Я считаю, что на формирование моей личности влияние семьи никак не сказалось. Пусть психоаналитики со мной поспорят.
- В Москве вы попали в газету "Гудок"...
- Я пришел в "Гудок" в 31-м году, когда Булгаков, Ильф, Петров, Олеша, Катаев и Бабель уже там не работали, а ушли в большую литературу. В этой железнодорожной газете мне приходилось писать о машинистах, сцепщиках вагонов, станционных рабочих. Однажды даже руководил слетом стрелочников на станции Люблино. Изъездил всю Россию. Тогда было модно устраивать выездные редакции, когда вагон "Гудка" отцепляли где-нибудь в Магнитогорске или Кузбассе. И мы за неделю выпускали газету на местном материале, распространяли ее и ехали дальше.

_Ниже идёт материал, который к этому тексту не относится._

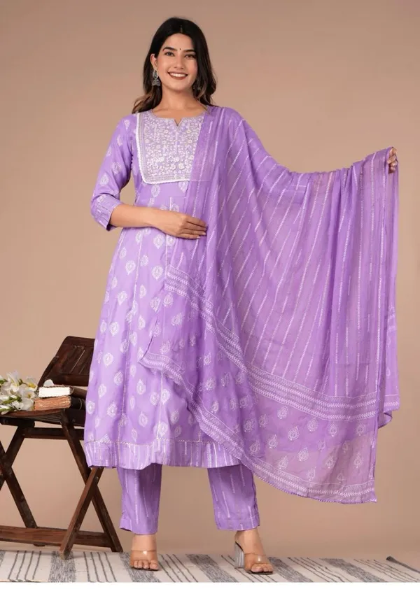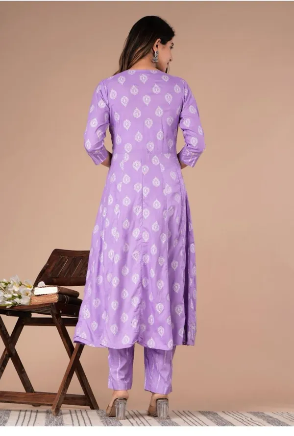 Light Blue & WhiteThree Fourth Sleeve Kurta Pant Set For Wom
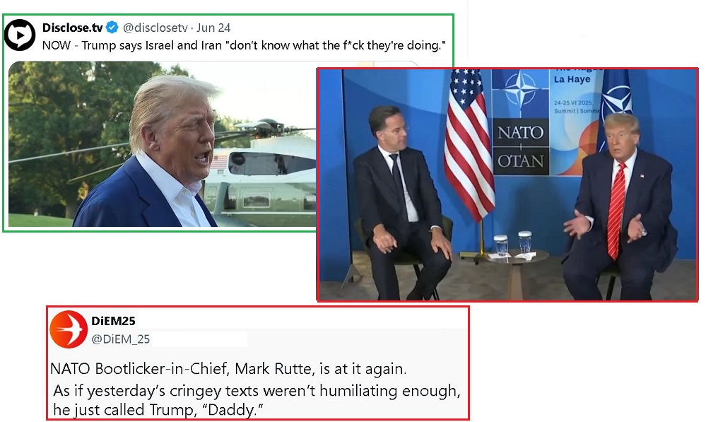 - Президент Дональд Трамп недавно встретился с генеральным секретарём НАТО Марком Рютте, который подвергся критике за лесть и похвалу в адрес Трампа на саммите НАТО, состоявшемся на этой неделе. Обсуждая продолжающийся конфликт между Израилем и Ираном, Трамп сказал: «Они не собираются воевать друг с другом. С них хватит. Они устроили большую драку, как два ребёнка на школьном дворе. Знаете, они дерутся как сумасшедшие. Их не остановить. Пусть дерутся две-три минуты. Тогда их будет легче остановить». А потом папе иногда приходится использовать крепкое словцо, — сказал Рютте, подняв кулак и громко рассмеявшись.
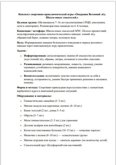 Готовый конспект приключенческой игры «Операция Весенний лёд. Школа юных спасателей» — это профессиональный инструмент для обучения детей 7–16 лет правилам поведения в период паводка. Вместо скучного инструктажа вы получаете захватывающий квест, который моделирует реальные угрозы весенней реки. Этот материал экономит до 5 часов вашей работы на планирование, предлагая методически выверенную структуру согласно требованиям ФГОС.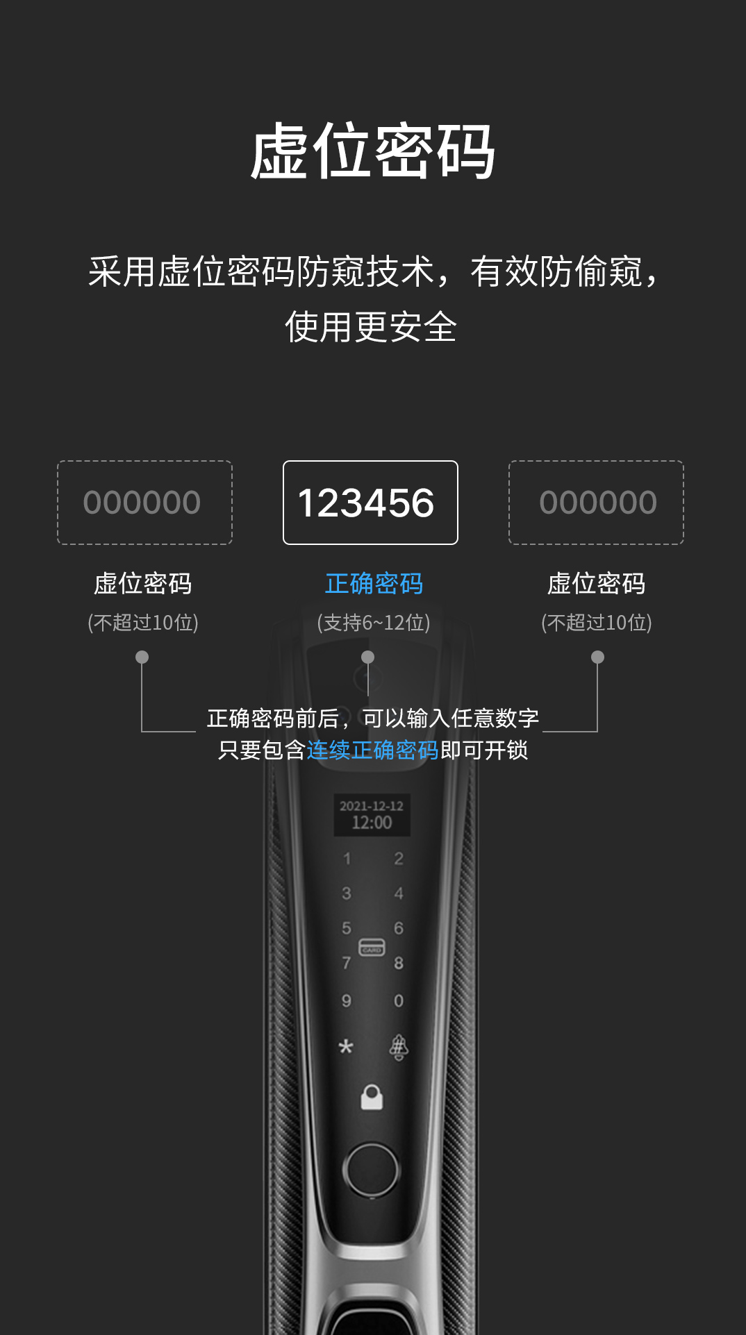 密碼開鎖使用的虛位密碼智能防窺技術,是指在輸入正確密碼的前后,任意輸入幾個數字,使他人難辨真實密碼。即使在他人面前也能大膽輸入密碼,有效保障密碼信息的安全。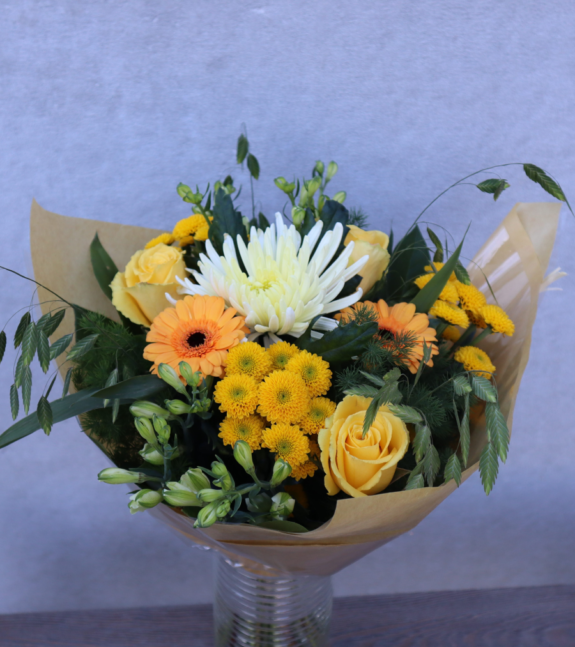 Floristen designar en bukett i gula toner med säsongens blommor. -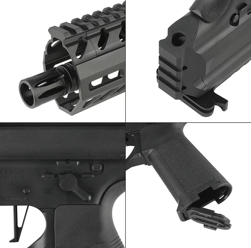 SIG MPX K は、SIG社が展開するMPXシリーズの中でも最もコンパクトなモデルで、近接戦闘(CQB)や携行性を重視するユーザー向けに設計された9mmピストルキャリバーカービン(PCC)です。バレル長は約4.5インチと短く、全長も約21インチ前後と極めてコンパクトながら、ARスタイルの操作性と高いモジュール性を維持しており、折りたたみ式ブレースの装備や各種M-LOK/ピカティニーパーツの装着にも対応しています。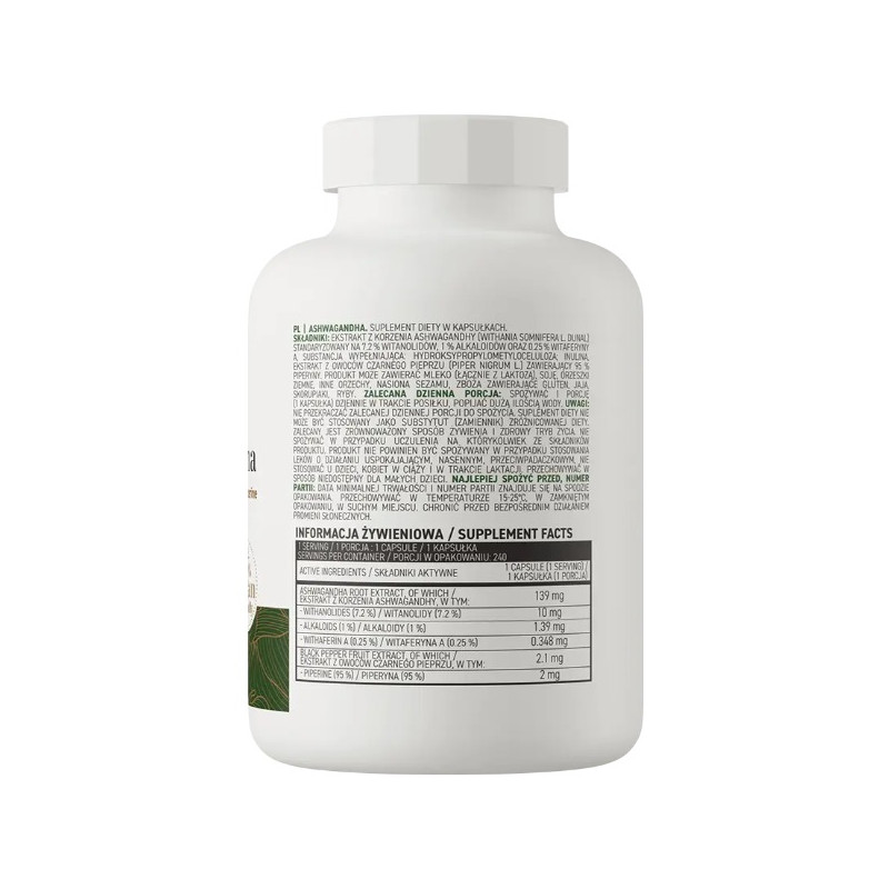 Інгредієнти: Екстракт кореня ашваганди (Withania somnifera L. Dunal), стандартизований по 7,2% вітанолідів, 1% алкалоїдів, 0,25% вітаферину А, наповнювач: гідроксипропілметилцелюлоза; інулін, екстракт плодів чорного перцю (Piper nigrum L.), що містить 95% піперину.

- Как корреспондент Островой стал поэтом-песенником?
- В 1934 году мои стихи "Наливались тополи" на конкурсе патриотической песни были выбраны из нескольких тысяч текстов и положены на музыку Мясковским и Фэре. Их две песни на одни мои стихи и взяли две всесоюзные премии. Я получил тогда 4 тысячи премиальных - деньги в ту пору огромные - и сразу все остальное забросил, стал заниматься только творчеством.
- Вам открылись двери всех редакций?
- Поначалу нас с Володей Фэре разыскали люди из политуправления и командировали на Дальний Восток в армию Блюхера "для написания новых песен". В дороге появилась песня "Мы советское Приморье никому не отдадим", которую вскоре запел весь Союз. Блюхеру песня понравилась, он с нами познакомился и отправил в пароходное путешествие по Амуру до Сахалина и обратно "для пополнения творческих впечатлений". Вся моя дальневосточная одиссея растянулась на полгода, за которые мы написали еще 12 песен. А потом всякий раз, когда Блюхер приезжал в Москву, он нам звонил. Ума не приложу, как меня только не посадили после его расстрела...
- В Отечественную вы ушли на фронт ополченцем, хотя по зрению были освобождены от призыва.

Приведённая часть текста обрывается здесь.